Many years ago I was talking to a mate about voting in a national election; he was anti and I was pro. His argument was that no politician was ever going to do anything for us. I think he meant himself and his family, and his extended family. He might’ve meant me too. I uh didn’t ask. I remember it very clearly. He has been proven right – many times. I think it an interesting and weird moment of solidarity, and deliberately ambiguous threat of no solidarity, as in: who are we. Who deserves solidarity – which values or circumstances reward people with the right to solidarity – which differences are ignored and which similarities are enshrined?

The refusal of English politics is one I’ve seen many times from many perspectives, I uh I understand it; and would accept it as an argument. The sense that there are those who will have solidarity and those who won’t – that also is familiar – and a philosophy I reject. (Solidarity is due. But not to fascists. But in a fascist society everyone is tainted with it…?)

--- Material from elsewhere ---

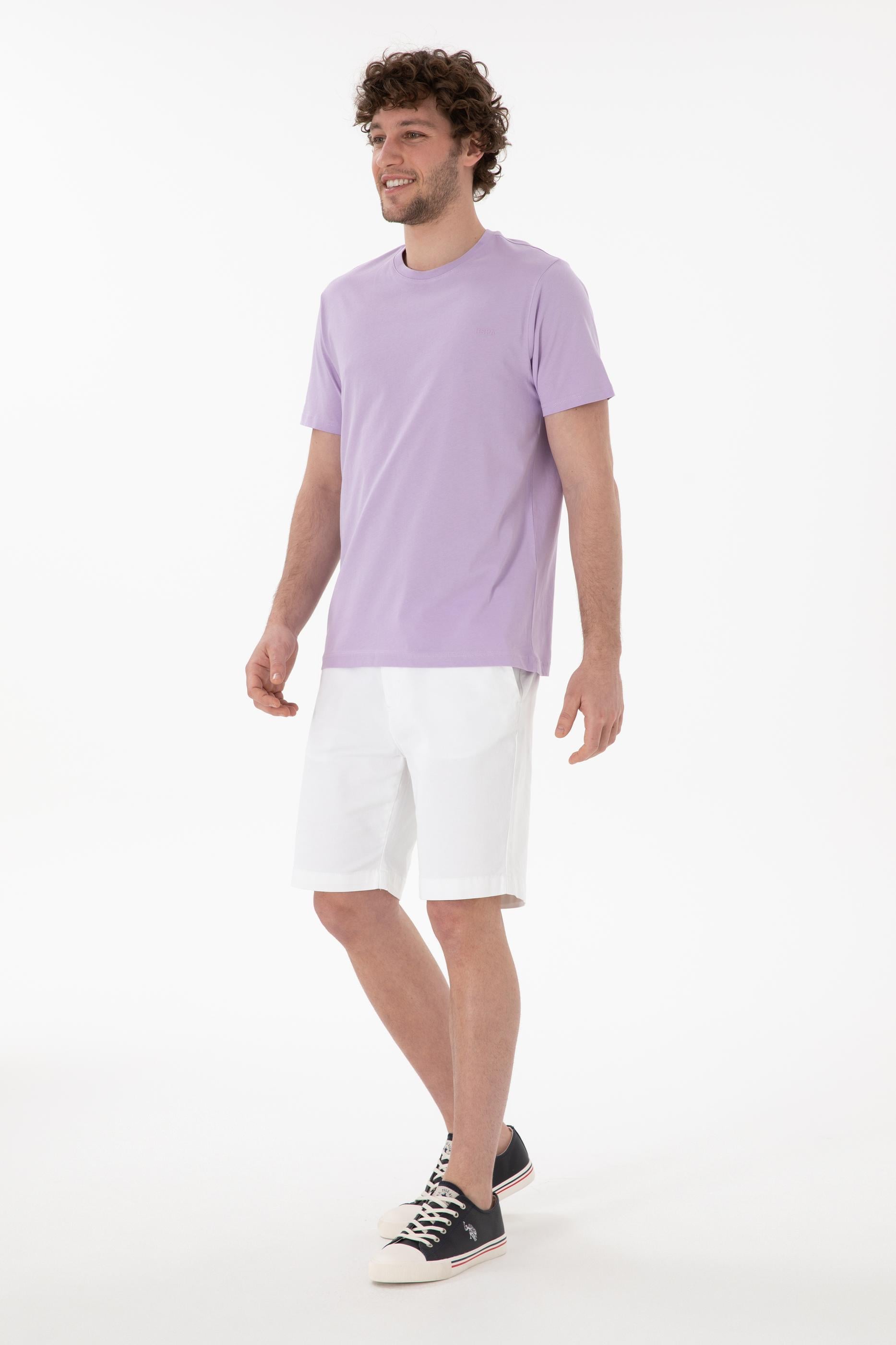 - Erkek Regular Fit Bisiklet Yaka Lila Basic Tişört

Another view I’ve heard is – we need a strong leader – and we will be strong supporting a strong leader. But that’s all that will be done. The strong leader will demand, and their demands will be the only things of value. They will be supported and the supporter will be sanctified in supporting and only in their support.

The world is divided into predator and prey. The predator may have tools, people are tools.

There is a very simple and direct consequence to this ideology. And it’s total environmental breakdown and the painful death of all life on this planet. There’s another effect, a part of the process: humanity is reduced to two types, 1) single minded half wits. 2) barely functioning, entirely ineffective stressheads.

(a connection between) facsimiles and jaspers

‘Figs and Wasps’ was taken down this time last weekend – more or less – it was a relief to finish it in one way, and also a somewhat damp ending to a difficult exhibition.

My original plan was followed through more or less as I’d intended it. The intention was to engage with the collection of David Keate. An artist and architect, he had collected art from the Cambridge School of Art students throughout the seventies and eighties. He had also collected a significant number of artist’s books and books which were facsimiles of artist’s books, famous journals, sketchbooks, etc.. and had a decent collection of literature – nothing surprising or too strange.

I put in a proposal in which I would make drawings from the books (and possibly some works they had by Elizabeth Frink). The proposal was accepted and dates were set.

This was directly after a small exhibition with Helen Cook and Elspeth Owen, and before that my MA degree show. I was quite excited. I wanted to expand how I might approach creating work and research; and combining them into an exhibition.

My intention was roughly approximate to post-colonial interests. The books that were canon and the books which hold importance in the book collections of the sort of people who collect books hold talisman like qualities – fetishes if you like. Maybe for sentimental reasons. You hold onto a book because of its significance, and perhaps with the intention of rereading with maybe a mind to using it’s contents for something or other at a later date. Books are objects of beauty too, and once one begins collecting there’s an opportunistic element added – something found cheap or something chanced on which is rare and which has somesort of value (any sort – doesn’t have to be pecuniary), or maybe will be useful at a later date. Obviously I speak from experience.

I’ve been ruminating on totalitarianism, fascism and empire. Reading up on it too. The William Blake research project intensified my focus. Reading Blake’s deconstruction of the values of the English predatory classes. Further reading ensued. Hannah Arendt is a little soft on the British empire (‘The Origins of Totalitarianism’ Hannah Arendt). The British empire was fascist in nature. Or yknow had ‘strong parallels’ with the murder cults that are named fascistic.